→ **Record set**:
○ ○ ○ ○

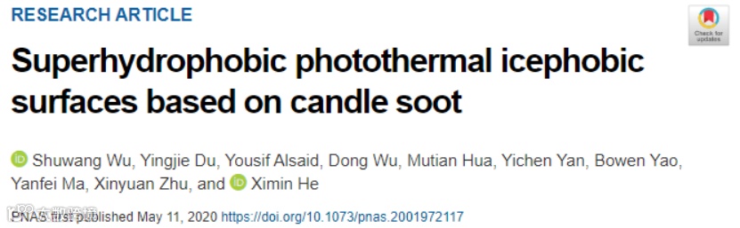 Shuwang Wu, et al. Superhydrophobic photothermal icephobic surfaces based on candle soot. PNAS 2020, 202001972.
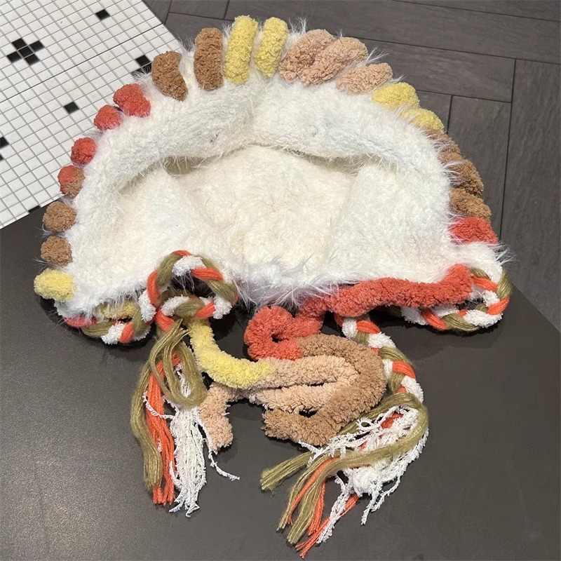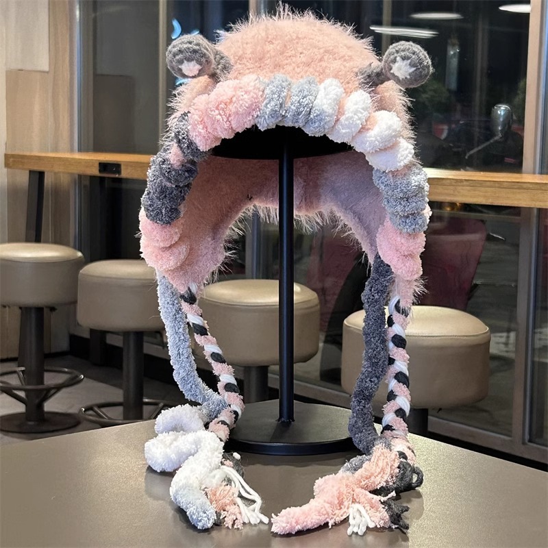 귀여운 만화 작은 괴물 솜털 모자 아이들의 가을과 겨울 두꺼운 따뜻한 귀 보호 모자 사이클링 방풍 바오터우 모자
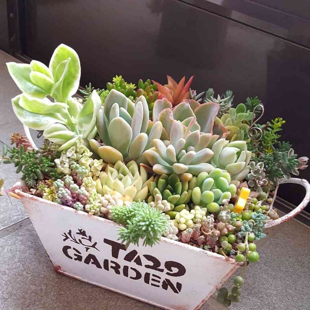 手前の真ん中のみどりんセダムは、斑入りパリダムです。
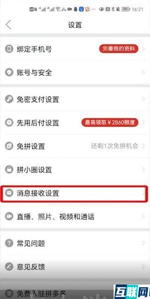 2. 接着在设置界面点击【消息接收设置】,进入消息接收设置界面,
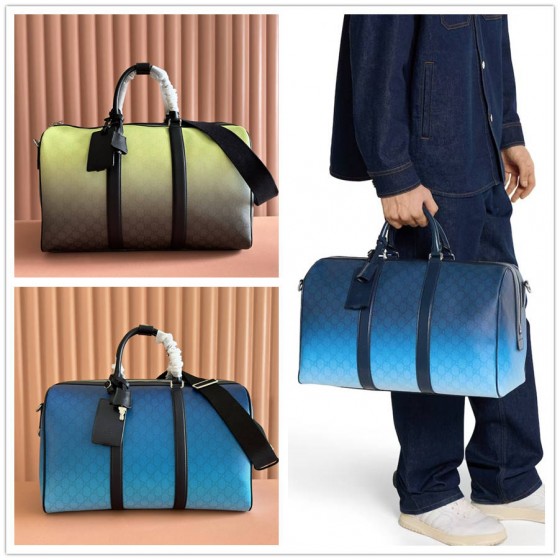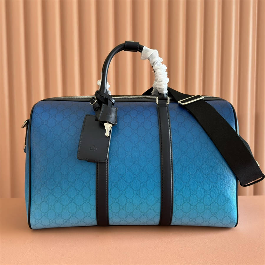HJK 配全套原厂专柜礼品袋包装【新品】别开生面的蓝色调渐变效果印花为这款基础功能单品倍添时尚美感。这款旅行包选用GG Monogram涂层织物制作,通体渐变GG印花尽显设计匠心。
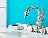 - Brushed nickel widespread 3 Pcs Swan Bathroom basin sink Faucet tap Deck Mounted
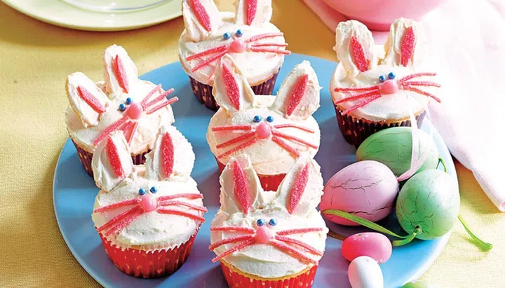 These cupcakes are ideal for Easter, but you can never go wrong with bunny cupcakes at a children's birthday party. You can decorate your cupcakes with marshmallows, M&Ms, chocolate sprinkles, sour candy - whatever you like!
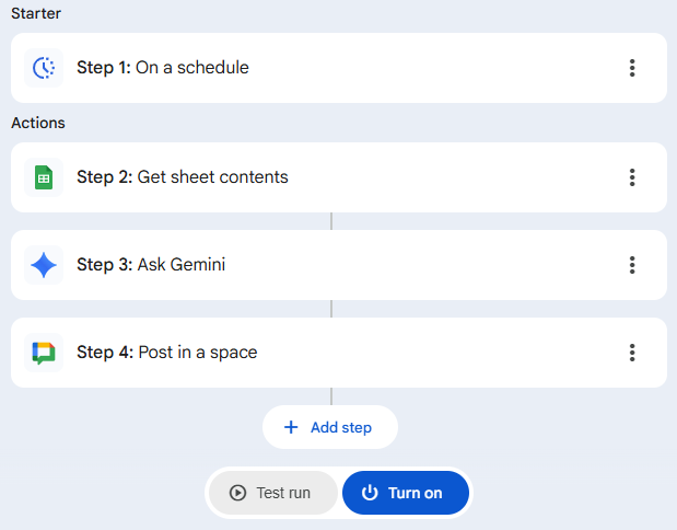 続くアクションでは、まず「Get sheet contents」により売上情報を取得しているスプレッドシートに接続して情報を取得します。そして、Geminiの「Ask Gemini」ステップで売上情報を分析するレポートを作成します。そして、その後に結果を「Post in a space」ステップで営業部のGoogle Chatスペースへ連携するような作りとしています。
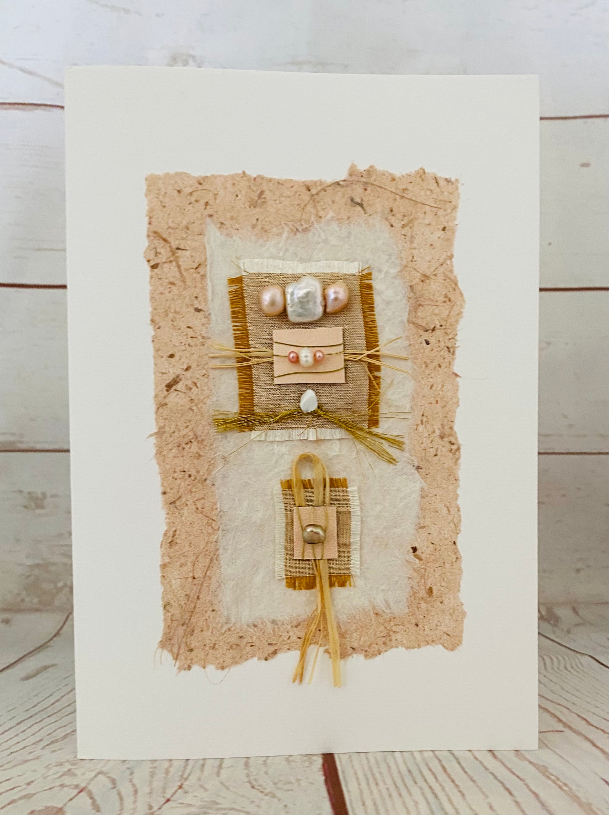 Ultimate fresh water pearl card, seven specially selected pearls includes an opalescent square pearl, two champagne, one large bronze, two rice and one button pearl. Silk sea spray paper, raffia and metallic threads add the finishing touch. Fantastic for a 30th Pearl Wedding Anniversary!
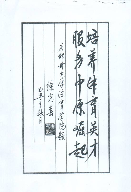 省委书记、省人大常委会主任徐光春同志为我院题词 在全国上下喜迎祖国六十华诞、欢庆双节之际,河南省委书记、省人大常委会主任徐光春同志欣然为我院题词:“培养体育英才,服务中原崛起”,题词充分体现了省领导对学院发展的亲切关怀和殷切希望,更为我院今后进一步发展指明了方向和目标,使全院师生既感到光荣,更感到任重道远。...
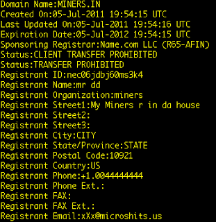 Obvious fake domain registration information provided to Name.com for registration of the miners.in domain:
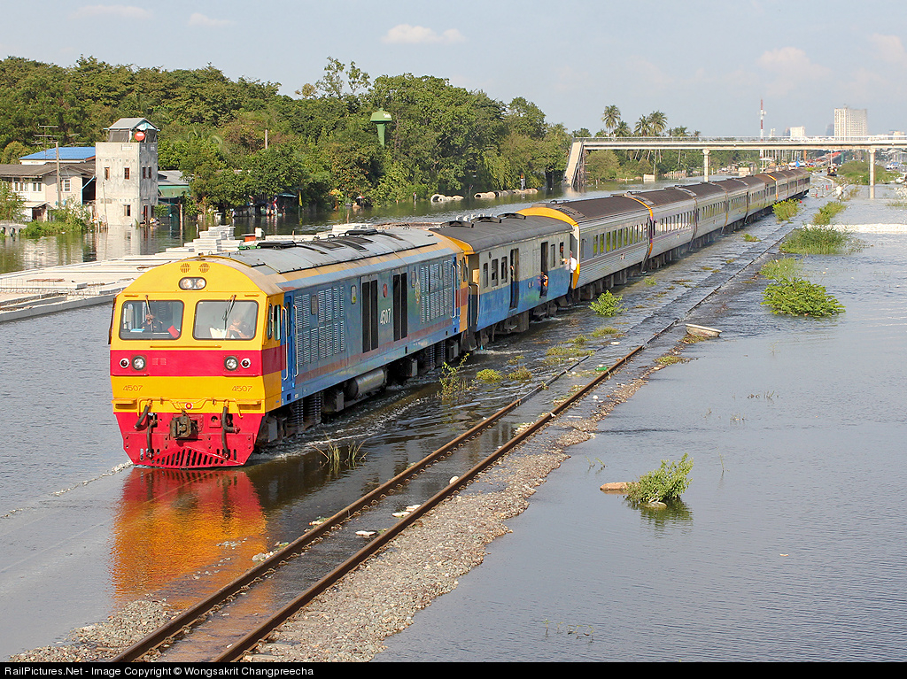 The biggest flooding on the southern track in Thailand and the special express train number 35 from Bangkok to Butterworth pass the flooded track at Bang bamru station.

○ ○ ○ ○

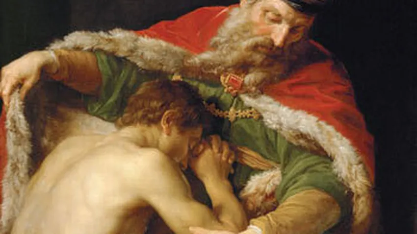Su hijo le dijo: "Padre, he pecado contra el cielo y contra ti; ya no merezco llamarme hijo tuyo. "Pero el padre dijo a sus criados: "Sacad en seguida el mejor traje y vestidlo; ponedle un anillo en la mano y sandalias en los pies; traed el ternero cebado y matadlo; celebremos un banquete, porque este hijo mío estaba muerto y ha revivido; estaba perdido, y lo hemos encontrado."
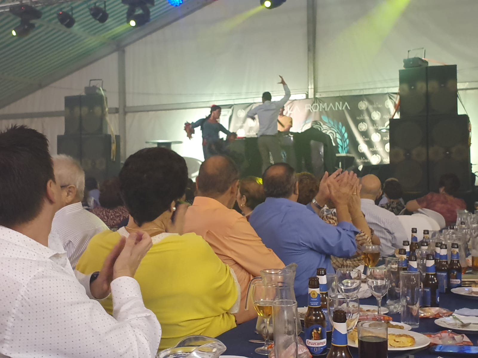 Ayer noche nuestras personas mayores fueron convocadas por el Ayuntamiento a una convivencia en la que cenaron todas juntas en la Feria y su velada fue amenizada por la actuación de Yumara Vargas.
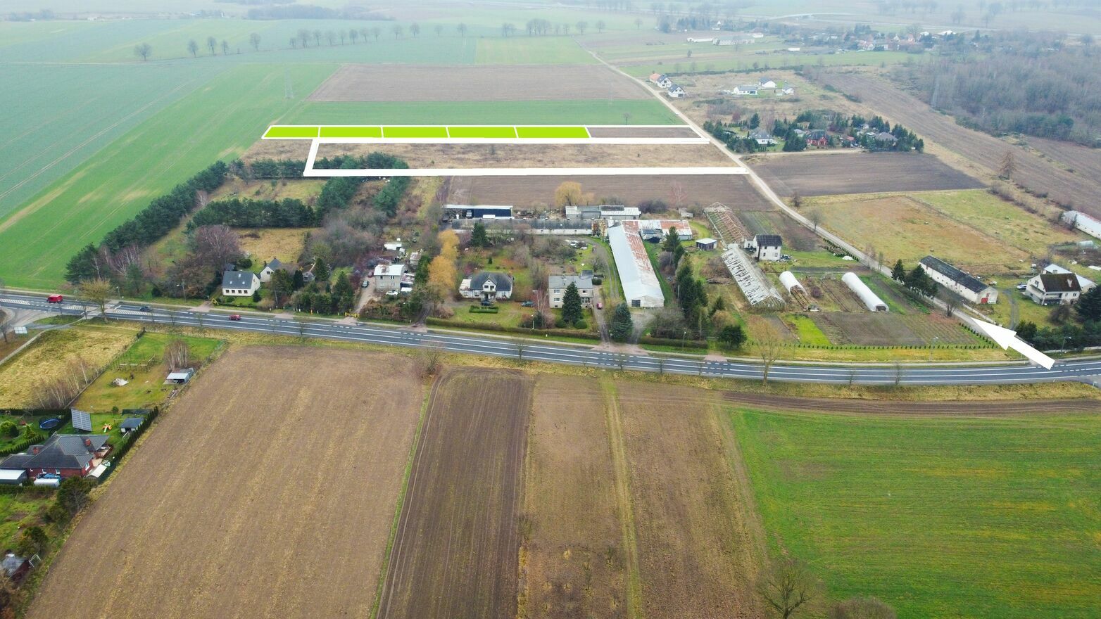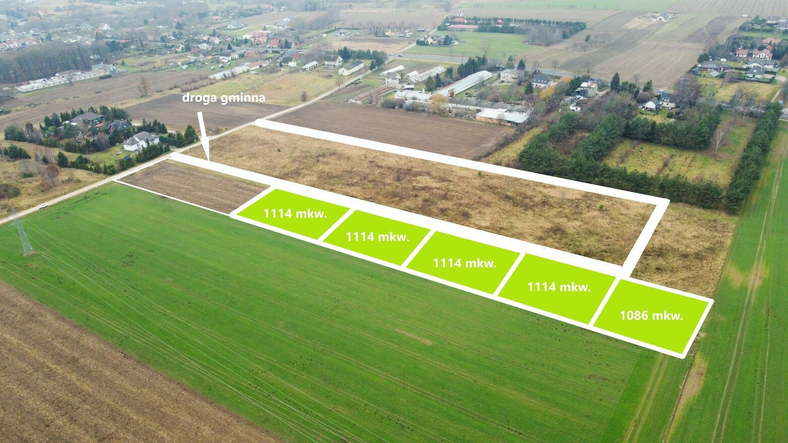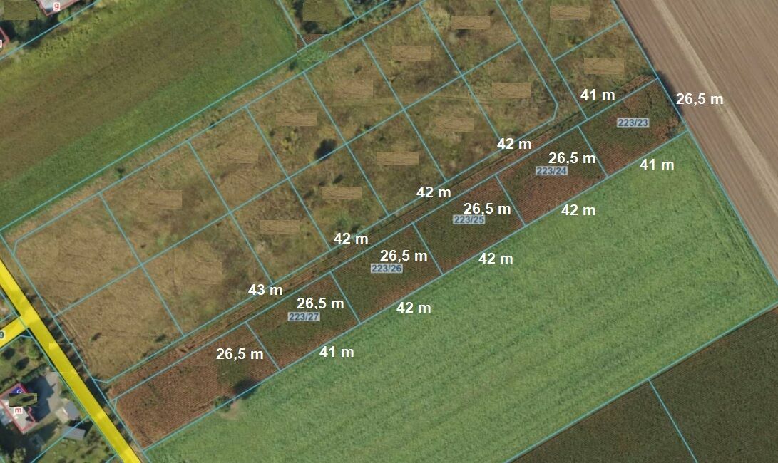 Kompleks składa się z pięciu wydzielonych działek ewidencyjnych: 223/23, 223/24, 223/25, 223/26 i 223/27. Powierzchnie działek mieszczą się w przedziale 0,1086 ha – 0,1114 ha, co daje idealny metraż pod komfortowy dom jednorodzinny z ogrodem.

○ ○ ○ ○

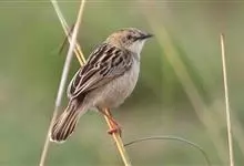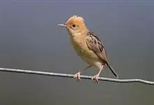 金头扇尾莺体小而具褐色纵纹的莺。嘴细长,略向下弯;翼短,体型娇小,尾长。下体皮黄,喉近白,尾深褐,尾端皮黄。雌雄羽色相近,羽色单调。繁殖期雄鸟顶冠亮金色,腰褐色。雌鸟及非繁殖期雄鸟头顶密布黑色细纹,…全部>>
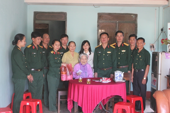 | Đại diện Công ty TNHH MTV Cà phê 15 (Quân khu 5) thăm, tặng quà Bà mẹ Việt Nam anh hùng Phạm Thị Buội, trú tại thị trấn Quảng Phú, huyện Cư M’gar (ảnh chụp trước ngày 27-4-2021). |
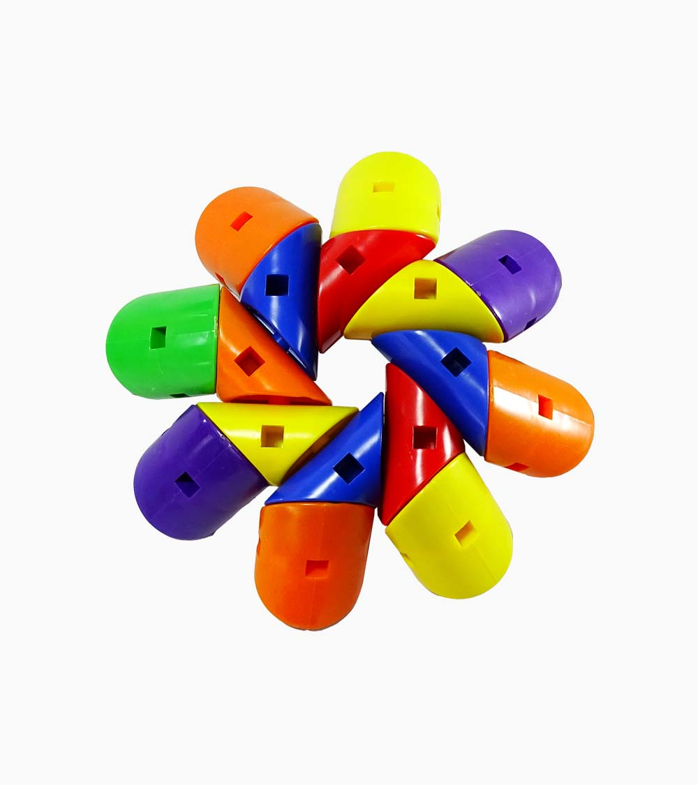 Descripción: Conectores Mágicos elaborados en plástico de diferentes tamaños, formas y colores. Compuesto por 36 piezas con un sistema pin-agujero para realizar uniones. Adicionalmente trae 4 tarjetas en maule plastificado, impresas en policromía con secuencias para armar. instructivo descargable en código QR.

○ ○ ○ ○

→ **Work to complete**: Using the data above, which lines fall from the one with "he pecado contra" through the one with "Kompleks składa się"? Repeat them exactly, ends included, minus any pictures.

→ **Solution for this problem**:
Su hijo le dijo: "Padre, he pecado contra el cielo y contra ti; ya no merezco llamarme hijo tuyo. "Pero el padre dijo a sus criados: "Sacad en seguida el mejor traje y vestidlo; ponedle un anillo en la mano y sandalias en los pies; traed el ternero cebado y matadlo; celebremos un banquete, porque este hijo mío estaba muerto y ha revivido; estaba perdido, y lo hemos encontrado."
 Ayer noche nuestras personas mayores fueron convocadas por el Ayuntamiento a una convivencia en la que cenaron todas juntas en la Feria y su velada fue amenizada por la actuación de Yumara Vargas.
 Kompleks składa się z pięciu wydzielonych działek ewidencyjnych: 223/23, 223/24, 223/25, 223/26 i 223/27. Powierzchnie działek mieszczą się w przedziale 0,1086 ha – 0,1114 ha, co daje idealny metraż pod komfortowy dom jednorodzinny z ogrodem.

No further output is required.